**EXTRACTED DATA**

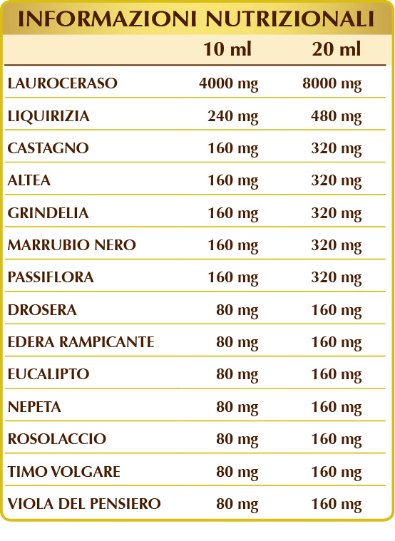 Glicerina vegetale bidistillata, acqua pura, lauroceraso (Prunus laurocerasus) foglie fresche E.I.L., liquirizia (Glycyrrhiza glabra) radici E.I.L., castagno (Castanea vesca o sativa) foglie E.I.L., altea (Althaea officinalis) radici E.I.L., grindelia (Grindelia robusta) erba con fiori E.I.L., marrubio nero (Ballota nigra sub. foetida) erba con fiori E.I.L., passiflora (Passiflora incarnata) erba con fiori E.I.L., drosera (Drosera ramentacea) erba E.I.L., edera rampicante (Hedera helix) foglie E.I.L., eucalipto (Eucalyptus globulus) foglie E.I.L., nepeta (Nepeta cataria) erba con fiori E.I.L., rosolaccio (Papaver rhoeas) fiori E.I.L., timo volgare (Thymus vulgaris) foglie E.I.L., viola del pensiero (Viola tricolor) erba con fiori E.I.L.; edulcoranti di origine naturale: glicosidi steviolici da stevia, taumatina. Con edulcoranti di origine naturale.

---

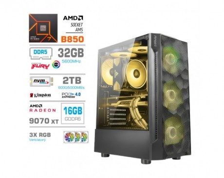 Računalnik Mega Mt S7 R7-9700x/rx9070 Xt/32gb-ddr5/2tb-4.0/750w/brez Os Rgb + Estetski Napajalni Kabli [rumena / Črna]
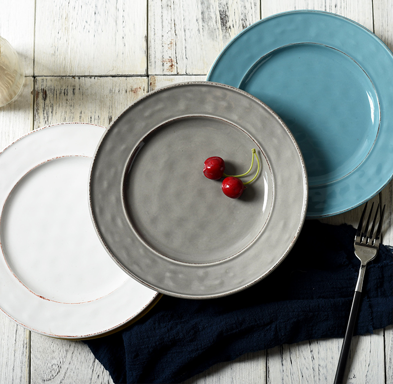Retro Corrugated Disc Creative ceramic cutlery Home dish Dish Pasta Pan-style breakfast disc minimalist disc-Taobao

**PROBLEM TO WORK ON**
Reproduce the data above exactly, but only from the line containing "Računalnik Mega Mt" through the line containing "Retro Corrugated Disc". Omit all pictures.

**ANSWER SPACE**
 Računalnik Mega Mt S7 R7-9700x/rx9070 Xt/32gb-ddr5/2tb-4.0/750w/brez Os Rgb + Estetski Napajalni Kabli [rumena / Črna]
Retro Corrugated Disc Creative ceramic cutlery Home dish Dish Pasta Pan-style breakfast disc minimalist disc-Taobao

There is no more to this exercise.